2. Background: Consider a bizarrely small machine with the following address formats:

          _ _ _ _ _ _ _ _ _
         |_|_|_|_|_|_|_|_|_|  Virtual address
         |page |   word    |
      _ _ _ _ _ _ _ _ _ _ _
     |_|_|_|_|_|_|_|_|_|_|_|  Physical address
     |  frame  |   word    |
   

   At one instant in time, the page table in the memory management unit contains the following (all information is shown in binary):

   0 0 0: 1 0 1 0 0 0 0 0 1
   0 0 1: 1 0 0 0 0 0 0 1 0
   0 1 0: 1 1 0 0 0 1 0 0 1
   0 1 1: 0 0 0 0 0 0 1 0 1
   1 0 0: 0 0 0 0 1 1 0 0 0
   1 0 1: 0 0 0 0 0 0 1 0 1
   1 1 0: 0 0 0 0 0 1 0 0 1
   1 1 1: 0 0 0 0 1 0 0 0 0
          _ _ _ _ _ _ _ _ _
   index:|_|_|_|_|_|_|_|_|_|  Virtual address
         |r w x| |  frame  |
         rights
   

   For each of the following virtual addresses, give the corresponding physical address, and state whether it is a legal memory address, and if legal, what access is permitted. (Illegal addresses permit no access.)

   a)   0 1 0 1 0 1 0 1 0
   

   That is, page = 0 1 0 and word = 1 0 1 0 1 0
   So, use page table entry 0 1 0: 1 1 0 0 0 1 0 0 1
   This has rights = 1 1 0 and frame = 0 1 0 0 1
   That is, the physical address is 0 1 0 0 1 1 0 1 0 1 0 and this is legal, readable and writable.
   

   b)   1 0 1 0 1 0 1 0 1
   

   Physical address 0 0 1 0 1 0 1 0 1 0 1 and this is illegal, no access allowed.

   c)   0 0 1 1 0 0 1 1 0
   

   Physical address 0 0 0 1 0 1 0 0 1 1 0 and this is legal, read only.

   d)   1 1 0 0 1 1 0 0 1
   

   Physical address 0 1 0 0 1 0 1 1 0 0 1 and this is illegal, no access allowed.

   e)   0 0 0 1 1 1 0 0 0

   Physical address 0 0 0 0 1 1 1 1 0 0 0 and this is legal, readable and executable.

3. Background: Read the man page for the mmap() kernel call in Linux.
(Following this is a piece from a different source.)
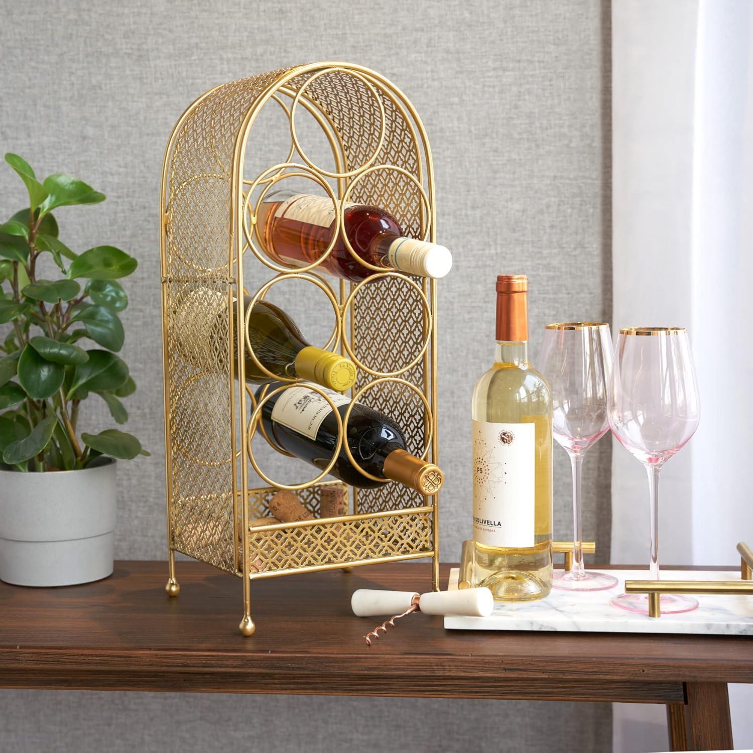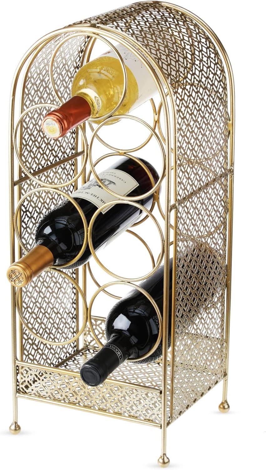 ELEGANT TABLETOP WINE RACK – This luxurious wine bottle holder looks right at home in any vintage-styled kitchen, or on any metal bar cart. The airy, open frame with delicate latticework brings lush texture and decadence to your wine storage.

Consider the following code:

   char * f = mmap(
           NULL,
   	sysconf( _SC_PAGESIZE )*16,
   	PROT_READ, MAP_SHARED,
           open( "~/myfile", O_RDONLY ),
   	0
   );
   

   a) Write a for loop that prints the entire contents of ~/myfile assuming that it has been opened using the above code. (0.6 points)

   int i;
   int size = sysconf( _SC_PAGESIZE )*16;
   for (i = 0; i < size; i++) putchar( f[i] );
   

   b) How many page faults occur, at minimum, during the execution of the code you wrote for part a? (0.2 points)

   In the best case, all pages holding code are already in RAM. When you finish the mmap() call, the pages of the file are still on disk but mapped into the virtual address space, so the only page faults will be one fault each for the pages of the file. The file size is 16 pages according to the second parameter to mmap(), so the answer is:

   16 page faults.

   c) Under what circumstances would more page faults occur than you suggested in part b. (0.2 points)

   First, the code of the for loop might not be in RAM at the time it begins. That would add perhaps one page fault. Second, the page replacement policy was not specified. A bad page replacement policy could evict pages from RAM prematurely, forcing additional page faults. For example, if each page fault bringing a page of the file into RAM also pushed the code of the for loop out, the number of page faults would double.